90%, yellow powder. mp: 227–229 °C, [α]²⁰ _D +7 (c 0.75, CH₂Cl₂). ¹H-NMR (δ, ppm, CDCl₃, 500 MHz): 7.89 (1H, br. s, NH), 7.50–7.03 (4H, m, H_arom), 5.74 (1H, s, H-12), 4.24–3.91 (2H, m, OCH₂), 2.69–1.44 (19H, m, CH, CH₂), 1.42, 1.32, 1.25, 1.22, 1.19, 0.85 (21H, s, 7CH₃). ¹³C-NMR (δ, ppm, CDCl₃, 125.5 MHz): 199.8 (C-11), 174.9 (C-30), 168.5 (C-13), 140.1 (C-3), 136.2 (C-arom), 128.9 (C-arom), 128.3 (C-12), 120.9 (C-arom), 118.8 (C-arom), 118.5 (C-arom), 114.3 (CN), 110.3 (C-arom), 107.0 (C-2), 60.5, 53.0, 48.3, 48.2, 45.3, 44.2, 43.3, 40.9, 38.0, 37.7, 37.6, 34.0, 32.0, 31.8, 31.0, 28.5, 27.9., 26.5, 26.4, 23.5, 23.3, 18.5, 18.3, 16.0. Anal. Calcd for C₃₈H₄₈N₂O₃: C, 78.58; H, 8.33; N, 4.82. Found: C, 78.66; H, 8.39; N, 4.77. HRMS (ESI-MS) m/z: [M + H]⁺ 581.3752, calcd for C₃₈H₄₈N₂O₃: 580.8130.

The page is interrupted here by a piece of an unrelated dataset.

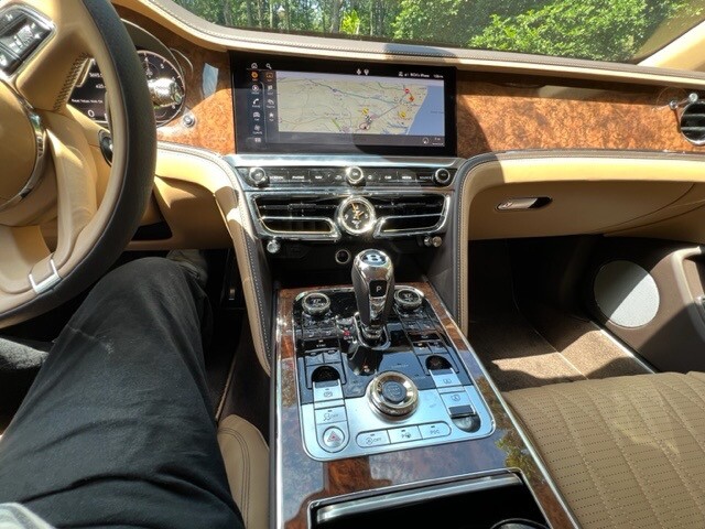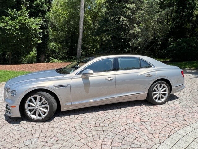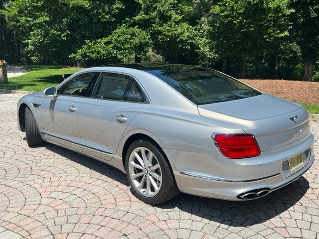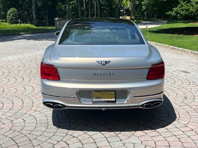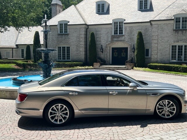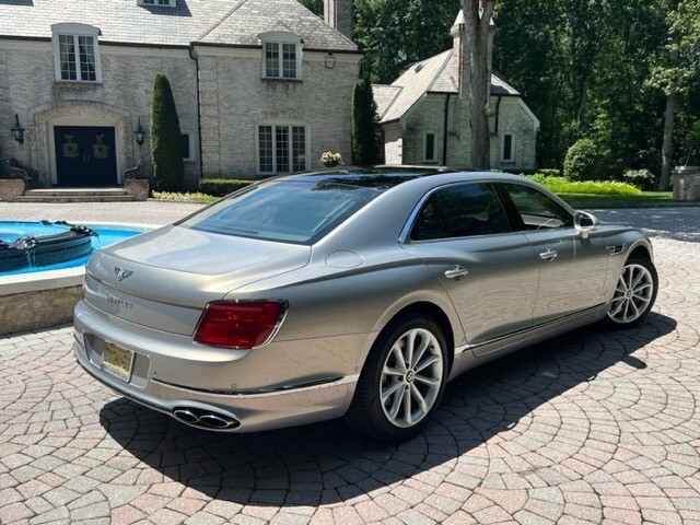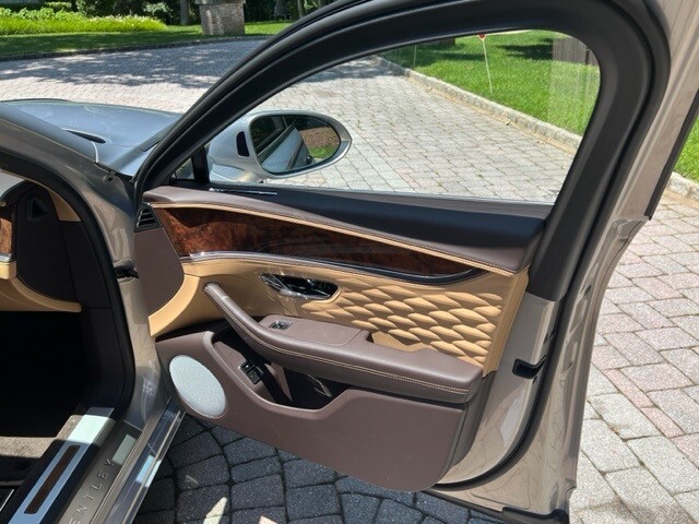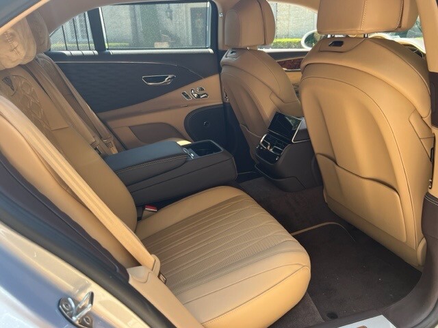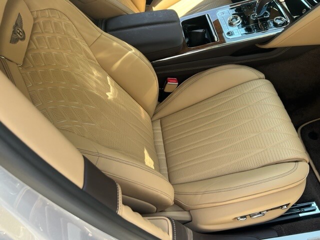Exterior: The White Sand Metallic paint exudes elegance and sophistication, setting this Flying Spur apart from the rest. The iconic Bentley grille, LED matrix headlamps, and gleaming chrome accents accentuate its timeless design.
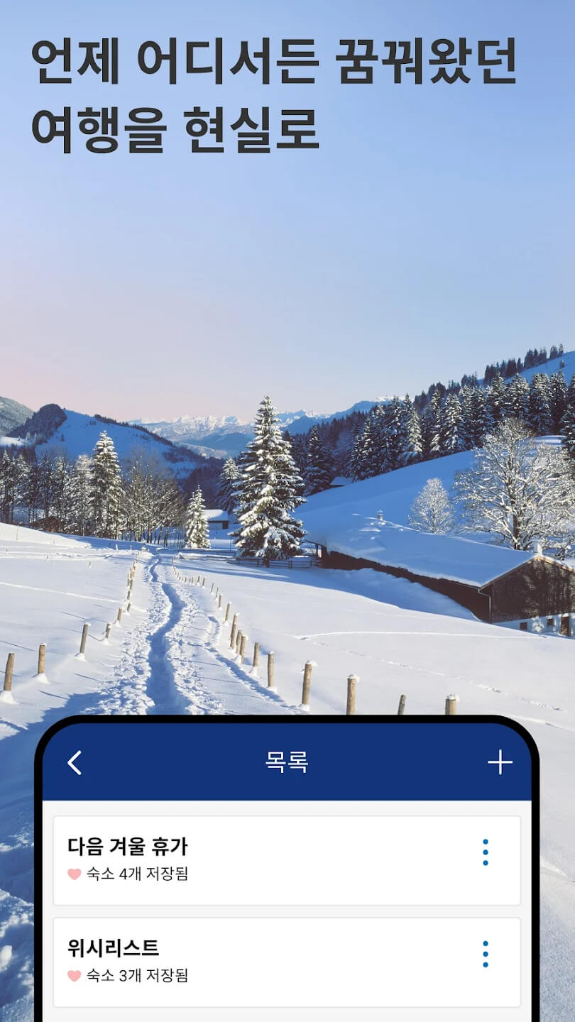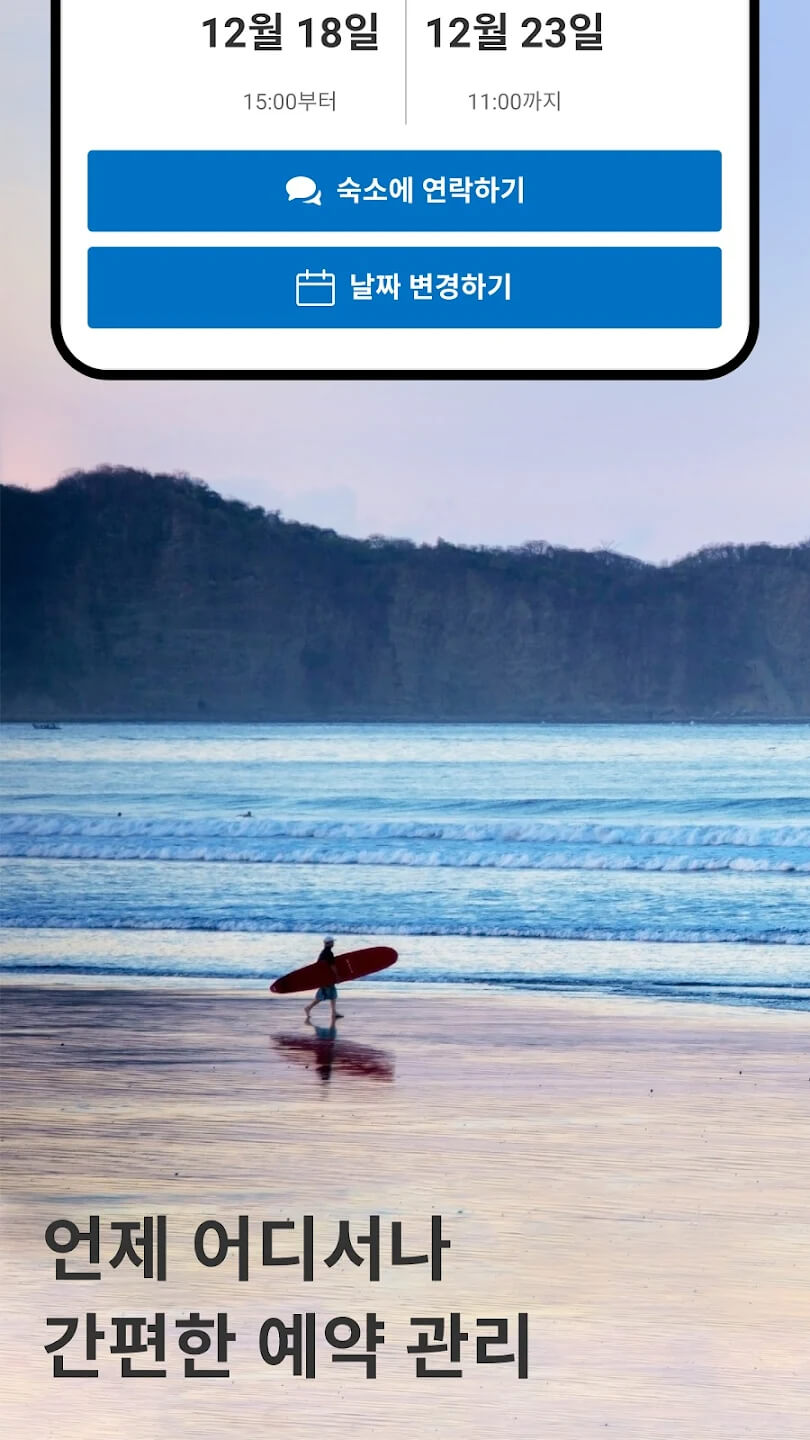 휴가용 주택, 리조트, 아파트 등 다양한 숙소를 둘러보세요. 여행에 필요한 테마별로 필터링하고 지도에서 위치를 확인하세요. 실제 고객 후기를 읽고 마음에 드는 장소를 저장하세요. 안전하고 빠른 예약을 경험하세요. 지금 결제 또는 나중에 결제옵션을 선택하고, 결제 세부정보를 저장하여 나중에 더 빠르게 예약할 수 있으며, 애플페이를 사용하여 편리하게 결제할 수 있습니다.

3.1.2. 3-Cyanopropyl Ester Ester 2,3-Indolo-olean-11-oxo-12(13)-en-30-oat (3)

92%, yellow powder. mp: 219–221 °C, [α]²⁰ _D +12 (c 0.75, CH₂Cl₂). ¹H-NMR (δ, ppm, CDCl₃, 500 MHz): 7.78 (1H, br. s, NH), 7.41–6.93 (4H, m, H_arom), 5.66 (1H, s, H-12), 4.61–3.84 (2H, m, OCH₂), 2.56 (2H, m, OCH₂CH₂), 2.19–1.32 (21H, m, CH, CH₂), 1.31, 1.21, 1.15, 1.11, 1.18, 0.75 (21H, s, 7CH₃). ¹³C-NMR (δ, ppm, CDCl₃, 125.5 MHz): 200.0 (C-11), 176.2 (C-30), 169.2 (C-13), 140.2 (C-3), 136.2 (C-arom), 128.9 (C-arom), 128.2 (C-12), 121.0 (C-arom), 118.9 (CN), 118.7 (C-arom), 118.5 (C-arom), 110.3 (C-arom), 107.1 (C-2), 62.3 (OCH₂), 60.6, 53.0, 48.5, 45.4, 44.1, 43.5, 43.4, 41.1, 38.1, 37.8, 37.6, 34.1, 32.1, 32.0, 31.1, 28.7, 28.4, 26.6, 26.4, 24.8, 23.5, 23.4, 18.6, 18.4, 16.1, 14.4. Anal. Calcd for C₄₀H₅₂N₂O₃: C, 78.91; H, 8.61; N, 4.60. Found: C, 78.85; H, 8.74; N, 4.72. HRMS (ESI-MS) m/z: [M + H]⁺ 609.4057, calcd for C₄₀H₅₂N₂O₃: 608.8670.

4. Conclusions

Two new glycyrrhetinic acid derivatives with A-fused ring nitrogen-heterocycle- and cyano-substitutes at C30 were synthesized using the consequent modifications (oxidation, Fisher reaction, reaction with chloroacetonitrile or 4-bromobutyronitrile). The in vitro anti-influenza activity showed low toxicity (SI 18 and 21) and moderate inhibitory activity against the H1N1 virus with an IC₅₀ 29 and 23 μM, respectively. The obtained compounds are promising for the synthesis of tetrazolyl derivatives with potential strong biological activity.